There are horror stories of multipage proofs that 1+1=2, I think this one is actually true, but I don't know where it comes from. Mathematicians, I found, really like reading proofs as puzzles in themselves, this was also noted in "How to Write a Proof". Structuring the proof spoils the flowing prose, and detailing out the small steps in between is kind of like explaining a joke. Programmers have a similar feeling, though their concerns are usually over how much work is involved, or they will use the argument that "no proof or model can totally capture a system".

These concerns are somewhat justified, but for me, a nicely structured proof is just as nice as a nicely structured program, where the pieces fit together like parts of a puzzle. I think that is one good way to frame my view, some people might look at a jigsaw puzzle and say "ah, well there's a leaves here and there's the rest of the rest of the trunk, so these pieces must fit together", and indeed it is certainly true, but to me it's even better when you can actually see the pieces fit together.

Wednesday, March 4, 2009

Computer Science - What's that?

I'm going to try to stick to posting every Wednesday. This post needs a lot more work, but my main goal is just to get a regular schedule going.

A lot of writing has been devoted to just explaining what computer science is or isn't. Some people even want to get rid of the term as a whole.

Here's my view on what computer science is, for a regular person who is curious. Computer science is a really broad field these days, but to really understand the core, it's good to start at complexity theory. It's not the most accurate use of the term, but I am talking about an area that deals specifically with problems and how they are solved by computers.

Why is this fun? I think that question isn't asked enough. Usually because serious science and fun aren't commonly associated. Puzzle solving is fun, and puzzle solving with computers is a new puzzle. Solving crosswords, jigsaw puzzles, and sudoku puzzles are pretty fun. After you start getting good, you develop a few rules that help you solve the puzzles faster.

Now, try to think of how you would get a computer to solve these puzzles for you. It spoils the fun of the original puzzle, but now you have a whole new set of tools to work with. Just like a sudoku puzzle, once you get good at solving it, you want to solve it faster. With a computer program, you have to count how many operations it is doing and try to squeeze that down. Even trying to count the operations is a puzzle in itself.

Consider this puzzle, you have a box with a row of switches, and a lightbulb. The game is to flip the switches to that the lightbulb turns on. Every time you add a switch, the number of combinations to try doubles. The boring way to play the game is to try all the combinations one at a time.
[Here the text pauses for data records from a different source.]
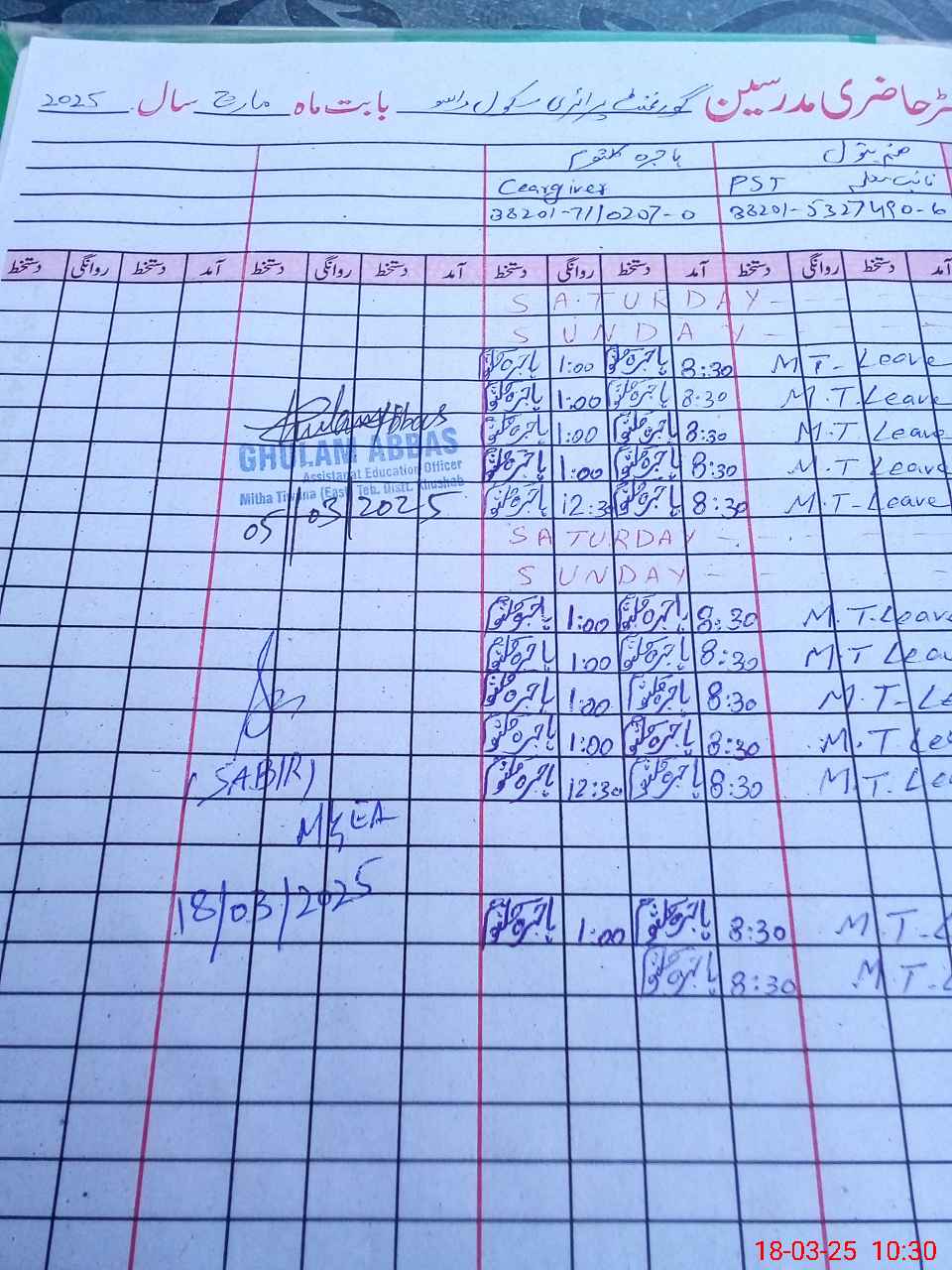 | Name: MId**** Designation: (School Headmaster's/Headmistress's) PST/PTC/JV Phone/Cell Number: 03**** |
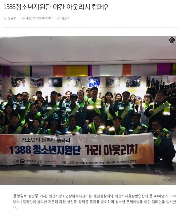 - 다음글제천시청소년상담복지센터, 1388청소년지원단 야간 아웃리치 활동 18.09.28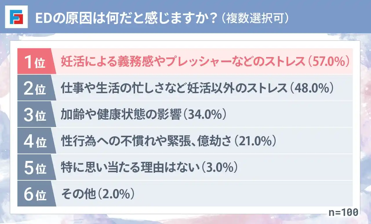 EDの原因として最も多く挙げられたのは、「妊活による義務感やプレッシャーなどのストレス」でした。 |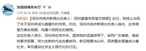 原标题:深圳市政府新闻办负责人:深圳直辖传言毫无根据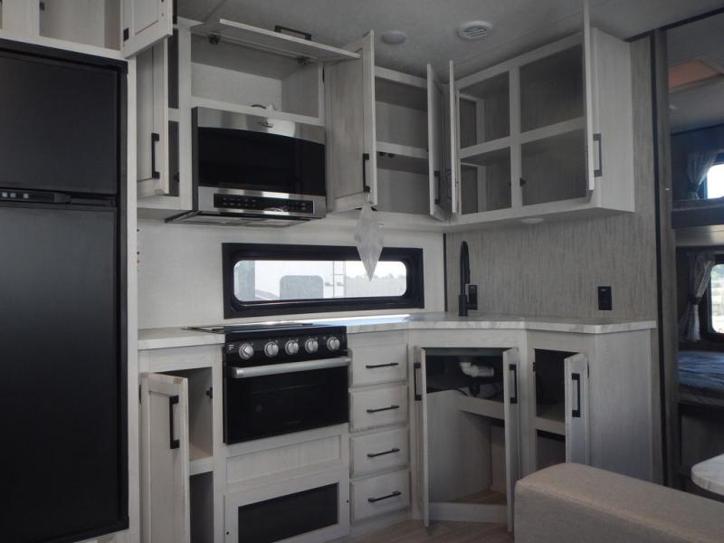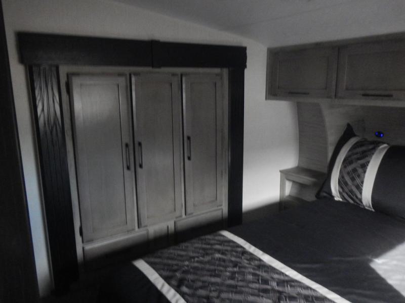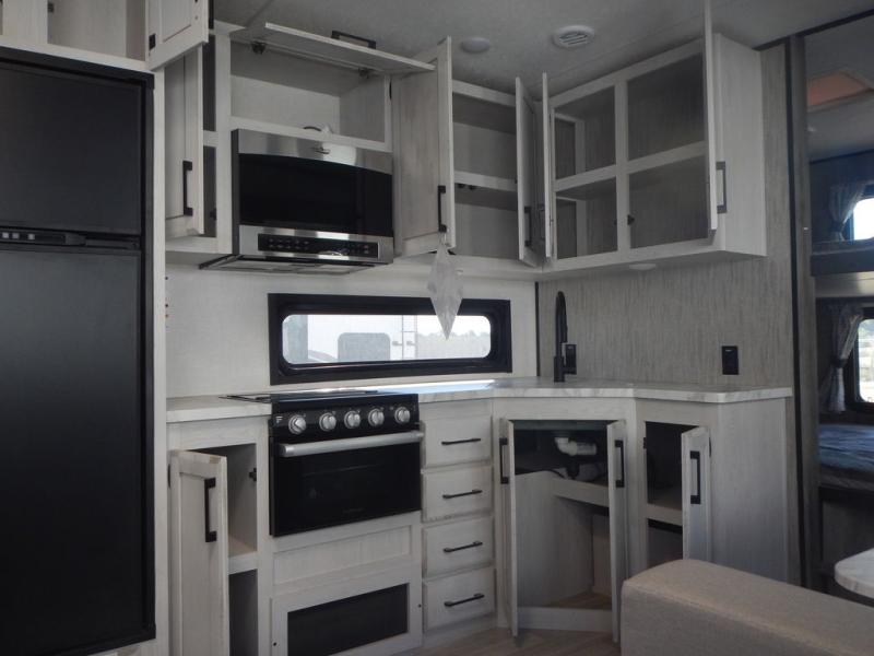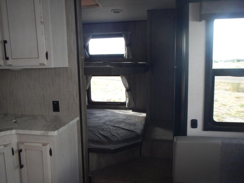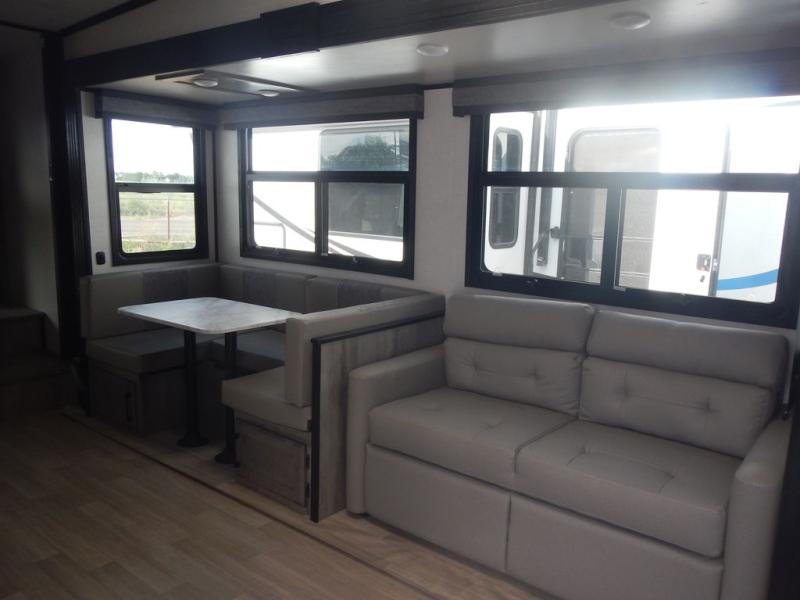 This fifth wheel is perfect for camping with a large group or family since it can sleep ten people each night! There are queen-size bunks, a U-shaped dinette, a hide-a-bed sofa, plus a queen bed in the front private bedroom. The chef will have their choice to cook indoors on the three burner drop-in cooktop or outdoors on the outside griddle, plus there are two 14' power awnings here for maximum shade. Don't let this fifth wheel slip away!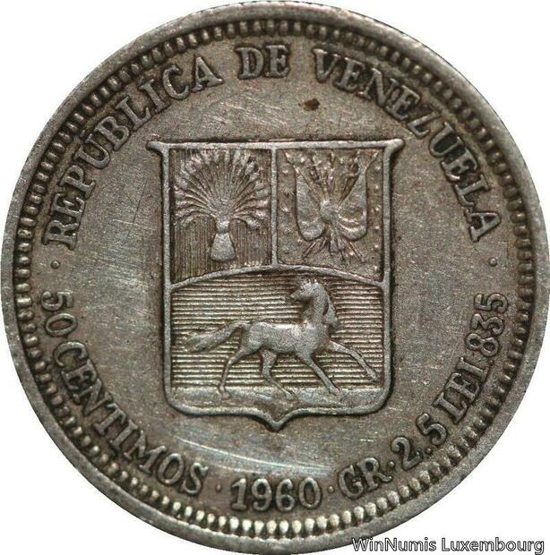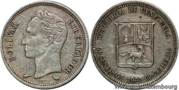 R7073 Venezuela 50 Centimos Bolivar 1960 A Paris Silver -> Make offer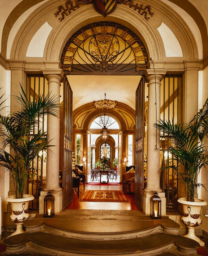 To experience Florence at its most luxurious, a stay at the Relais Santa Croce by Baglioni Hotels is a must. Perfectly situated in the historic center of Florence, this 18th-century palazzo bursts with old walls telling stories of its many past lives. The original structure of the building has been preserved yet doesn't neglect the modern comforts that today’s well-versed traveler requires. The hotel is based on a Leonardo da Vinci design that supports a 10-foot chandelier in the center of its elegant ballroom. If anything, the property feels more like a palace than a hotel, surrounded by fine art deco and furnishings that sit under sumptuous frescoed ceilings.

To make it more interesting, we can now see inside the box. The inside of the box is made up of the three basic pieces: AND, OR, and NOT. It's easier to describe these than a sudoku puzzle! Now that we can see that the box is made up of, is there a way to use that information to turn the lightbulb on in a way that is significantly faster than trying all the combinations? This puzzle is part of a whole class of puzzles that are called NP-complete, which most researchers suspect have no efficient solution, but have no way to show it.